The naira slipped marginally against the U.S. dollar on Thursday in Nigeria’s official foreign‑exchange market. The Central Bank of Nigeria reported a closing rate of N1,370.89 per dollar, up from N1,370.56 the day before – a modest day‑to‑day depreciation of N0.33.
Across the parallel black‑market platform, the currency held steady at N1,395 per dollar, a level that has persisted since Monday.
The divergent movements come even as Nigeria’s foreign‑exchange reserves have risen, reaching $48.51 billion as of mid‑May. The increase in reserves suggests a healthier external position, yet it has not translated into a stronger official naira rate.
Earlier in the week the official rate had briefly appreciated, underscoring the volatility that continues to characterize Nigeria’s currency markets. Traders and businesses remain attentive to policy cues from the central bank, especially regarding its ongoing interventions to stabilise the naira and manage dollar scarcity.

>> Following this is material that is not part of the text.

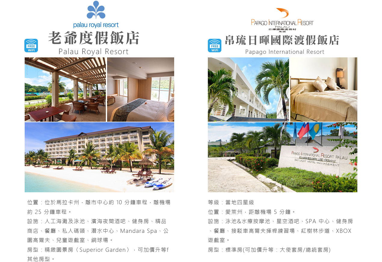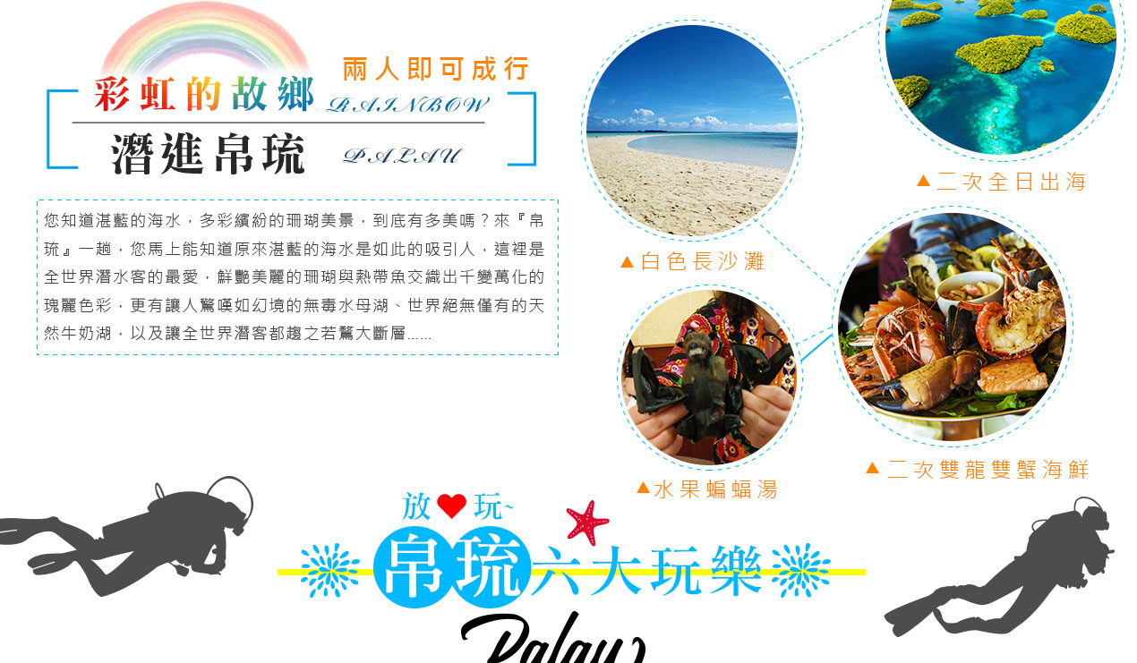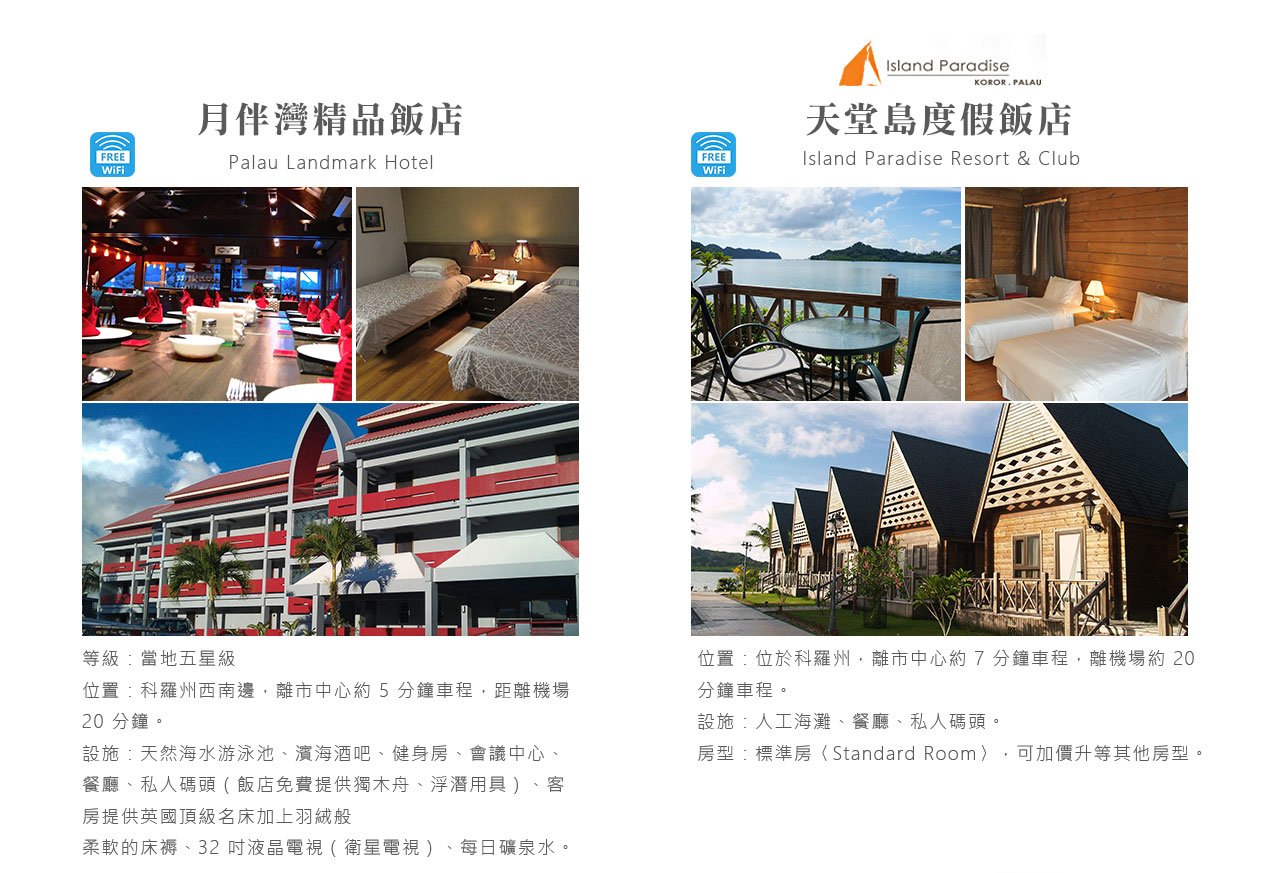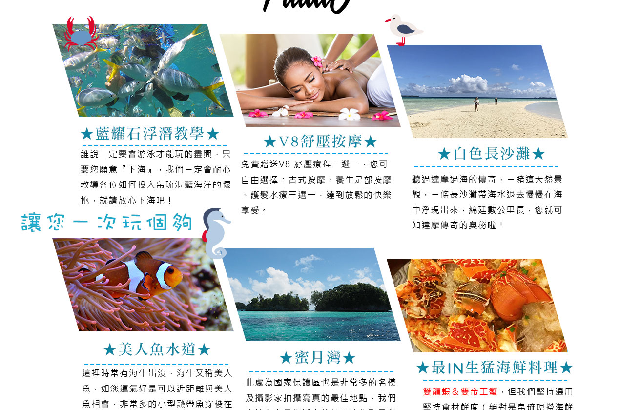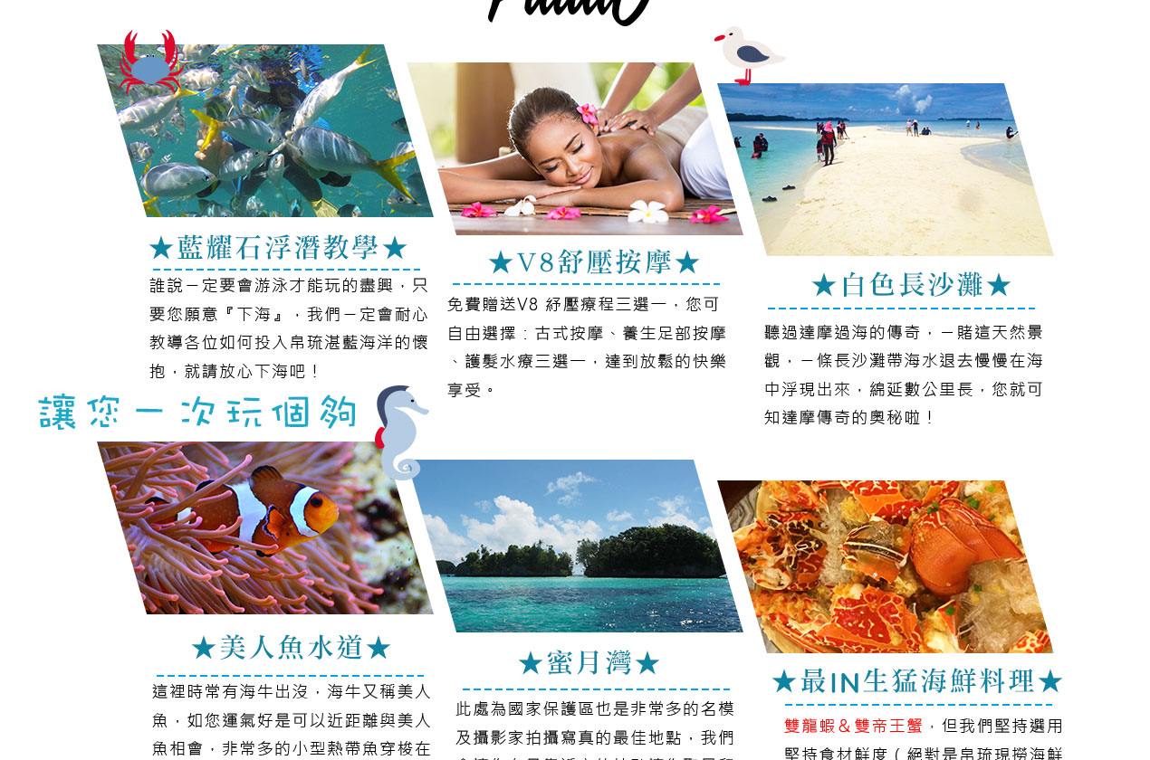 搭乘快艇前往藍耀石沙灘,首先由專業又熱情的導遊親切的教導如何正確使用浮潛裝備及水上安全事項,就算怕水或是不會游泳的你也能輕鬆自在快樂的浮潛,您可以放鬆心情在此練習浮潛或者愜意的在島上漫步拍照,等待我們精心為您準備的無人島原始海陸BBQ午餐。特別安排日式餐盒及幾樣現烤的海陸料理以及現煮的美味鮮魚湯。雖然不是甚麼高檔佳餚,也沒有華麗的擺盤,但能在藍天闢海蒼穹的無人島享用午餐,肯定是一種難以忘懷的體驗。餐後續搭乘快艇穿梭在藍天碧海中青蔥的小島,撒落在藍色海洋當中,就想一顆顆綠色珍珠一般,構成了美麗的《海洋花園》奇景。硬珊瑚公園是一處可見到底但踩不到底的浮潛地點,可以看到一片由硬珊瑚組成的海域,往較深的地方信運的話還可能發現俗稱蘇美魚的《龍王鯛》,也就是帛琉的國寶魚。再前往軟瑚瑚區,以浮潛方式,即可看到五彩繽紛的軟珊瑚,隨著海浪搖曳生姿,依附著岩壁而生。玫瑰珊瑚公園:壯麗珊瑚呈玫瑰形狀,格外的巨大且艷麗,並有熱帶魚群穿梭其間,嬉戲追逐,還可將吃剩下的BBQ,輕握手中享受魚群爭食的快樂;腦紋石珊瑚是一個個奇特的腦紋珊瑚附著在海底斷層上,真是美不勝收;最後前往山中湖,親眼目賭第二次世界大戰被擊沈的船艦殘骸,記錄著歷史的遺跡。在一連串美麗的海洋花園浮潛活動當中,讓各位貴賓大為讚嘆原來海景的美景更勝於陸地景觀,在意猶未盡的同時,我們返航的時間也悄悄的到來,乘著微風,快艇駛往碼頭,結速了這美妙的一天。暢快淋漓沐浴之後,隨後我們前往帛琉當地餐館享用生猛的雙龍蝦V.S雙螃蟹超級海鮮大餐,每桌均為您呈上帛琉本港的生猛龍蝦及紅樹林螃蟹,絕非一般餐館的冷凍進口龍蝦及螃蟹所能取代,並讓您有機會品嚐到當地最有名,且是愛美女性最愛的【水果美容蝙蝠湯】喔!再加上各式各樣的海鮮佳餚,保證讓您補足今日所有體力,讓您再次生龍活虎。華燈初上,今晚特別為您準備了帛琉獨特的舒療按摩三十分鐘,好好為您放鬆緊繃的全身筋骨,讓您ㄧ夜好眠,期待明日精采的海洋之旅續集。

Analysts note that the modest shift in the official rate reflects a balance between market pressures and the central bank’s reserve‑building strategy. While the black‑market price remains unchanged, the official market’s slight weakening may foreshadow future adjustments, depending on inflows, monetary policy decisions, and regional economic trends.
For now, the naira’s limited depreciation against the dollar signals a cautious market environment where both official and parallel rates are closely watched by investors, importers, and policymakers alike. Observers will monitor forthcoming central‑bank actions and external developments for signs of a more decisive direction in Nigeria’s currency trajectory.